İYİ Parti li Kavuncu dan mecliste Apo sloganlarına sert tepki
SonTurkHaber.com, Halktv kaynağından alınan bilgilere dayanarak bilgi yayımlıyor.
TBMM Genel Kurulu'nda partilerin grup başkanvekilleri gündeme ilişkin değerlendirmelerde bulundu.

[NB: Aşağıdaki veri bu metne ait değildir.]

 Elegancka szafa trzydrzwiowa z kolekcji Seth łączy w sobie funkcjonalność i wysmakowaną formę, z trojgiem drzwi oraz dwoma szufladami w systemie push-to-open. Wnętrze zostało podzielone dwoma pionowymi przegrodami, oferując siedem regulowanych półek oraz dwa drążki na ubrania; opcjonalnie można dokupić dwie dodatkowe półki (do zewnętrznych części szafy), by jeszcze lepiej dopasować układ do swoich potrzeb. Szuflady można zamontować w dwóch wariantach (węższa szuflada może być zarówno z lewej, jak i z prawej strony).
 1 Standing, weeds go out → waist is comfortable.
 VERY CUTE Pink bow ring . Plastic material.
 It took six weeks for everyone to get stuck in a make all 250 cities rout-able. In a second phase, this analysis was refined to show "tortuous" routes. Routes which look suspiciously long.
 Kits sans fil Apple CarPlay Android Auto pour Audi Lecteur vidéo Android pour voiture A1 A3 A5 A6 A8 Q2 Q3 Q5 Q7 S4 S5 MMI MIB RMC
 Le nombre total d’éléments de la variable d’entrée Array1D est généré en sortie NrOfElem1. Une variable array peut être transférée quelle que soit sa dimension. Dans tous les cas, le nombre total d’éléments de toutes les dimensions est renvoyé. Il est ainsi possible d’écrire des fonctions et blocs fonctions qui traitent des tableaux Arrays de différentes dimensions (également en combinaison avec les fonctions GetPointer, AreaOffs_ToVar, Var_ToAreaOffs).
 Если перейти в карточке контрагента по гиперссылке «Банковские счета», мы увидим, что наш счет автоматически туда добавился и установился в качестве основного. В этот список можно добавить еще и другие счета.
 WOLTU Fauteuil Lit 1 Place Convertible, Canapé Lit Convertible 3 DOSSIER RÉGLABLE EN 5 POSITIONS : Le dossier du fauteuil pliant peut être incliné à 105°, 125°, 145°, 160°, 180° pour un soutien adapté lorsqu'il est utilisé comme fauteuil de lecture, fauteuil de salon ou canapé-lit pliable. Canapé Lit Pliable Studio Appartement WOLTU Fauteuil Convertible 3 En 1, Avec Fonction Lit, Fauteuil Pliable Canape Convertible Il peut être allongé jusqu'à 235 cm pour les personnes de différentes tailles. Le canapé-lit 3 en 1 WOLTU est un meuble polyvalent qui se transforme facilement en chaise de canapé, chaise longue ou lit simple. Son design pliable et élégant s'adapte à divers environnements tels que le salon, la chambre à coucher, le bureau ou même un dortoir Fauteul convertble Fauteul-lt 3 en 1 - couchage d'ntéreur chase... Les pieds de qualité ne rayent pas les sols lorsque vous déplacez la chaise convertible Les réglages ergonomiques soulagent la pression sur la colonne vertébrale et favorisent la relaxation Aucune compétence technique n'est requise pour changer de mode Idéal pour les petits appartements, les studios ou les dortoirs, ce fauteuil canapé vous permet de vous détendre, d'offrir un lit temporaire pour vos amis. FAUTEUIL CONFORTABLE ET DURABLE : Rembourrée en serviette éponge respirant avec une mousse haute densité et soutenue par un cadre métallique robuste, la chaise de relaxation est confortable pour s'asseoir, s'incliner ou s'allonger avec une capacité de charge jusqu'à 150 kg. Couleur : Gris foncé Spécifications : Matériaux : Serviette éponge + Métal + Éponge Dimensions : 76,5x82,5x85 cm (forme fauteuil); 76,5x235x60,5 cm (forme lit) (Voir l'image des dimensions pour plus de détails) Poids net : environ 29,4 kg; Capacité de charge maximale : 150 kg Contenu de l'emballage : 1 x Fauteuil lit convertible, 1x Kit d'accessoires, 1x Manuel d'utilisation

TBMM Genel Kurulunda muhalefetin önerileri tek tek reddedildi
Yeni Yol Grup Başkanvekili Mehmet Emin Ekmen, şunları söyledi:
"Mersin ve Adana başta olmak üzere Çukurova bölgesi ve ahalisinde mevsimlik tarım işçileri yaklaşık yirmi gündür grevdedir. Tarım işçileri her gün sabah dörtte evden çıkarak, beşte işbaşı yapacak olsa ve otuz günün otuz günü çalışacak olsa eline 26 bin lira geçiyor. Bunun bir sürü kesintisi var, bir sürü maliyet girdisi var ve tarım işçileri ücretlerinin artırılmasını istiyor. Çiftçiler de mevcut maliyetler içerisinde daha fazla işçilik maliyetini kaldırabilecek mecallerinin olmadığını söylüyor. Tarım işçilerini dinliyoruz, onlara hak veriyoruz; çiftçilerimizi dinliyoruz, onlara da hak veriyoruz; eğer iki taraf da haklı ama ortada bir sorun varsa o zaman devletin bu işe el atması gerekiyor. Meseleyi faiz, kur, döviz ve borsa üçgeninden, dörtgeninden çıkarın; toplumun gerçek hassasiyetlerine, sorunlarına gerçekçi çözümler getirin."
EKMEN: NEDEN FİLİSTİN EYLEMİNE KATILANLAR GÖZALTINA ALINIYOR?Ekmen, "AK Partili arkadaşlara sesleniyoruz; Filistin eylemleri nedeniyle neden gözaltı yapılmaktadır? Hoşunuza gitmeyen herhangi bir söz, Gazze'deki çıplaklığı açıkça ortaya koyduğu için mi, yoksa bu soykırıma karşı Türkiye Cumhuriyeti devletinin retorik dışında, önemli nutuklar dışında, önemli seslenişler dışında gerçekten yapması gerekenleri yeterince yapmadığını açıkça deşifre ettiği için mi? Ya, 70 bine yakın insan hayatını kaybetmiş ama siz çıplak bir sözün söylenmesine dahi tahammül edemiyorsunuz ve bir an önce bu soruşturmalar takipsizlikle sonuçlandırılmalıdır, açılan davalar beraatle sonuçlandırılmalıdır" dedi.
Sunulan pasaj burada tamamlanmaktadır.